→ STORED DATA
........

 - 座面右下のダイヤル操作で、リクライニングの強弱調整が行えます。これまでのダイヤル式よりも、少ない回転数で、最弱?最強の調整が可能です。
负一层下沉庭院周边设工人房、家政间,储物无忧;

........

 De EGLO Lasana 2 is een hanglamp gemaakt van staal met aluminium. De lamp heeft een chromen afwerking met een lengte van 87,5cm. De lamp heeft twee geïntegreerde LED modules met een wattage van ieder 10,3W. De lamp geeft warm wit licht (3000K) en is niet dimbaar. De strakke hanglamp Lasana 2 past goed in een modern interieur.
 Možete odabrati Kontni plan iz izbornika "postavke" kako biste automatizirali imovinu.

........

→ TASK PROMPT
Find the line with "- 座面右下のダイヤル操作で" in the material above. Reproduce it and each line after it up to and including the line with "负一层下沉庭院周边设工人房、家政间,储物无忧;".

→ RESPONSE BOX
 - 座面右下のダイヤル操作で、リクライニングの強弱調整が行えます。これまでのダイヤル式よりも、少ない回転数で、最弱?最強の調整が可能です。
负一层下沉庭院周边设工人房、家政间,储物无忧;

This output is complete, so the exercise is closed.